You gotta have a gimmick, especially on Broadway, so the musical 13 has one: there isn't a single adult in the cast. (The title refers to the lead character's turning that age, and the plot hinges on his bar mitzvah.) But this isn't my main problem with the show, and as much as he set himself up as a target for ridicule in his recent New York Times profile, Jason Robert Brown's score isn't either. My colleague Adam Feldman shot down 13 with his usual deadly accuracy in his Time Out New York review, but he didn't really explore the one aspect that bugged me most: 13's bizarrely musty mysogyny.

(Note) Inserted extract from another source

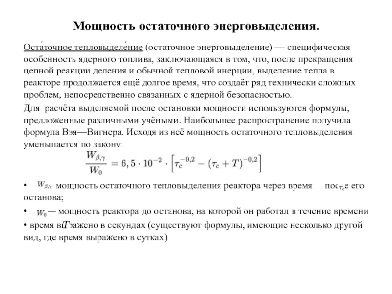 Формула Уинтермайера—Уэллса позволяет учитывать вклад распада 235U и 239Pu в остаточное тепловыделение: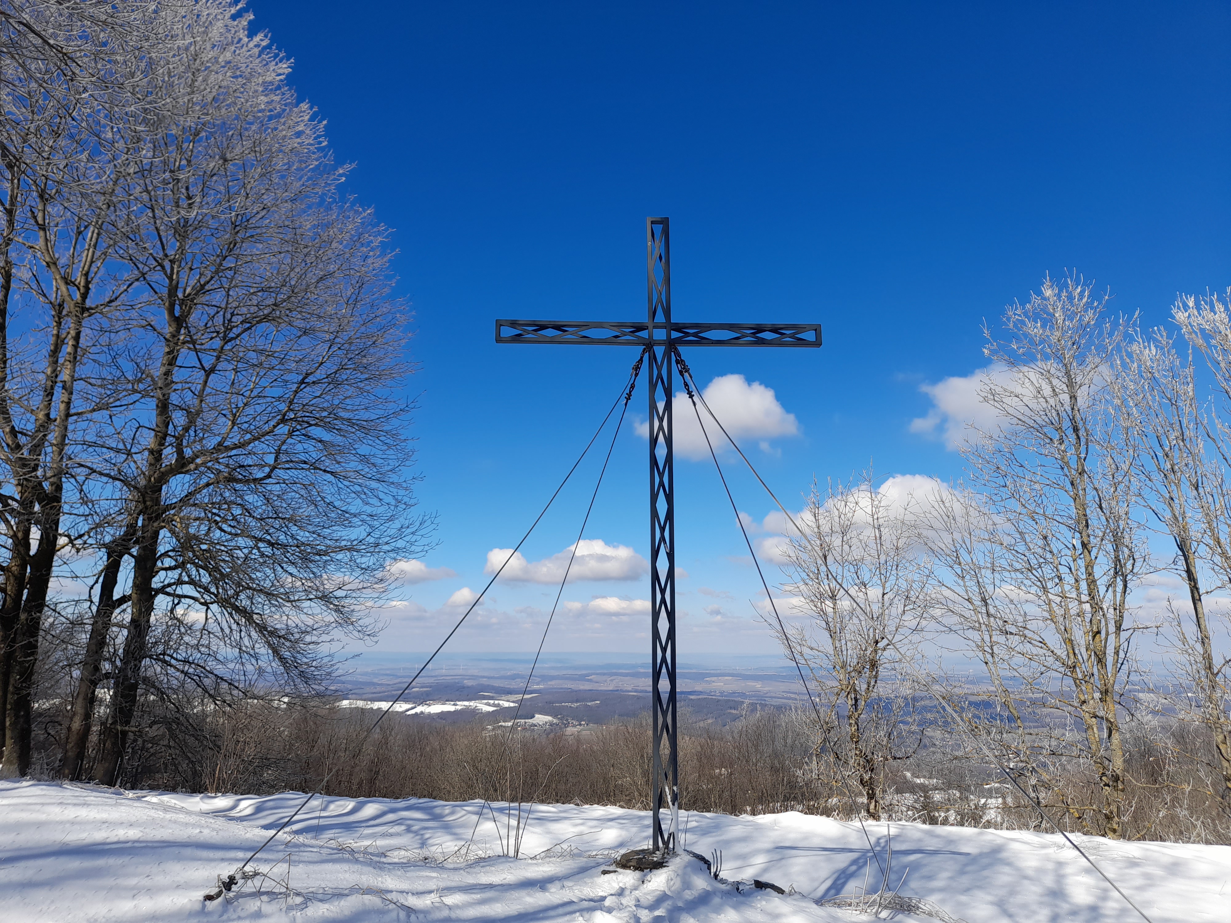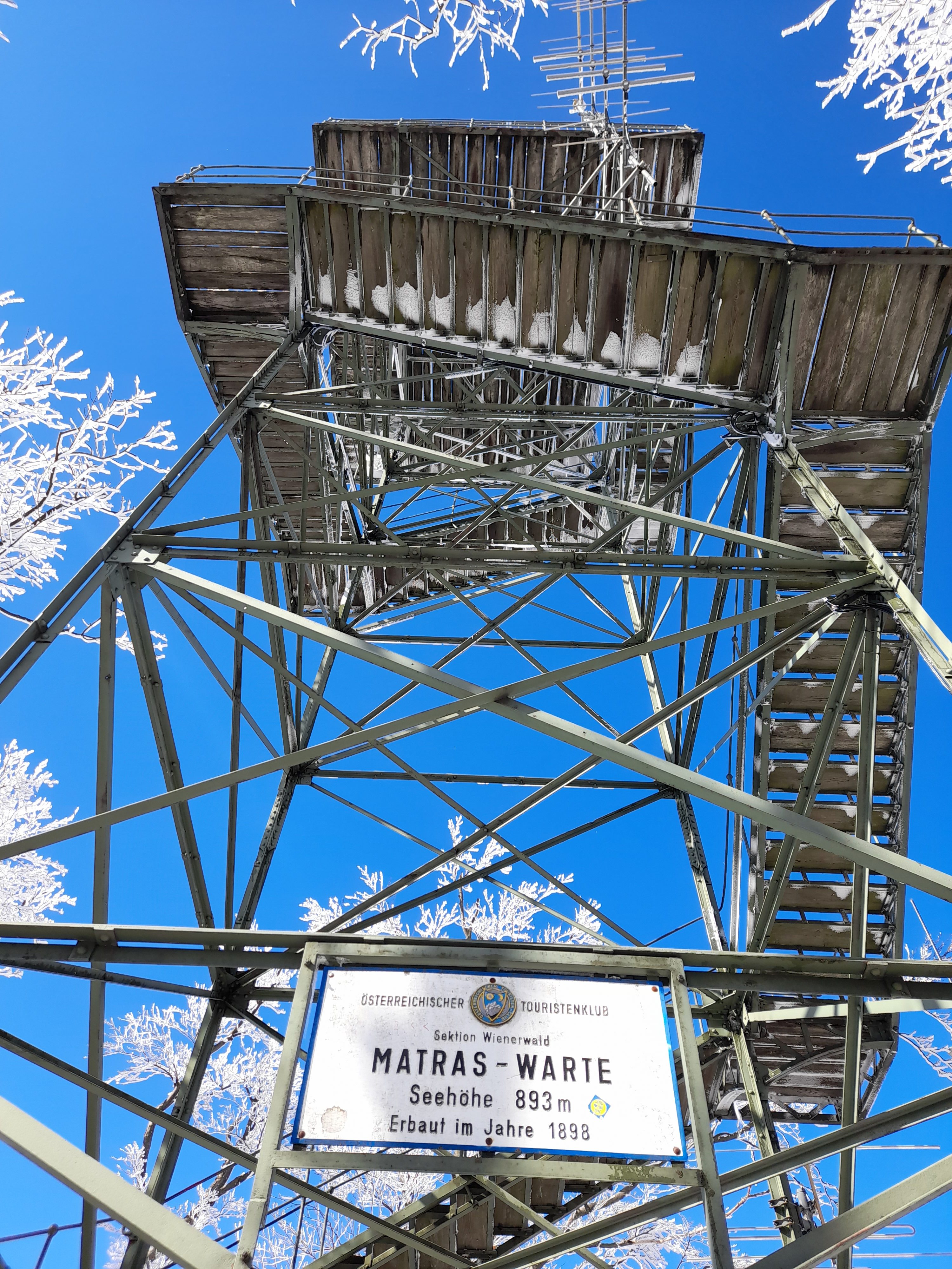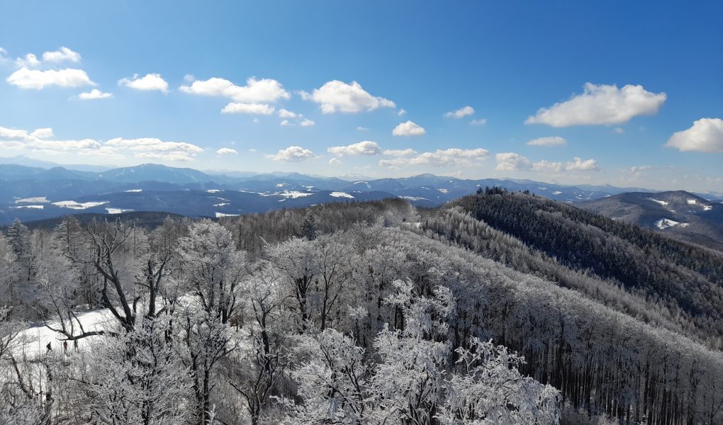 Le sommet du Schöpfl est marqué par une croix et à quelques mètres de là se trouve une tour d’observation, la Matraswarte, qui offre une très belle vue panoramique sur le massif de la forêt viennoise. On voit les collines fondre dans la plaine en direction du Danube au nord et les montagnes qui ferment leur marche au sud. On perçoit également un petit dôme semblant sortir de la forêt et qui correspond à la coupole de l’observatoire Leopold Figl de l’université de Vienne. Il ne peut être visité, mais on peut se rendre au pied si on le souhaite. Comptez 1,5 kilomètres de marche depuis l’auberge qui se situe en contre-bas du sommet du Schöpfl, la Schöpfl-Schutzhaus. À côté de la tour d’observation, on trouve une petite pyramide de pierre qui date de 1867 et faisait partie d’un ensemble de petites constructions qui devaient alors servir à calculer la taille de la Terre en Europe centrale. Que de choses à voir sur le Schöpfl !

The show opens with a scene in which the kids dance up a storm in what's supposed to be a New York street. One of the girls is leaning against a lamppost, striking a come-hither pose. "Is she supposed to be a hooker?" I whispered to my friend, only half-joking. She wasn't, but she sure looked like one. And it was all downhill from there: The love interest is a bland hippy chick, the best friend is a sexually aggressive manipulator, the popular girl has zero personality. None of them registers at all, and all of them are stuck in thankless parts with thankless songs. There's just something seriously wrong about a show that depicts a young girl in such a light that the Times critic feels at liberty to describe her as "skanky." (To be clear: there's something icky about both the show and the critic so casually calling a 13-year-old girl skanky.)
Finally, and unrelated to the girl issue, these guys have the gumption to poke fun at Disney. Sure, Disney's done its share of dreck, but it's also brought to Broadway the likes of Julie Taymor, Matthew Bourne and Francesca Zambello. Guys doing conventional pap like 13 don't have a leg to stand on.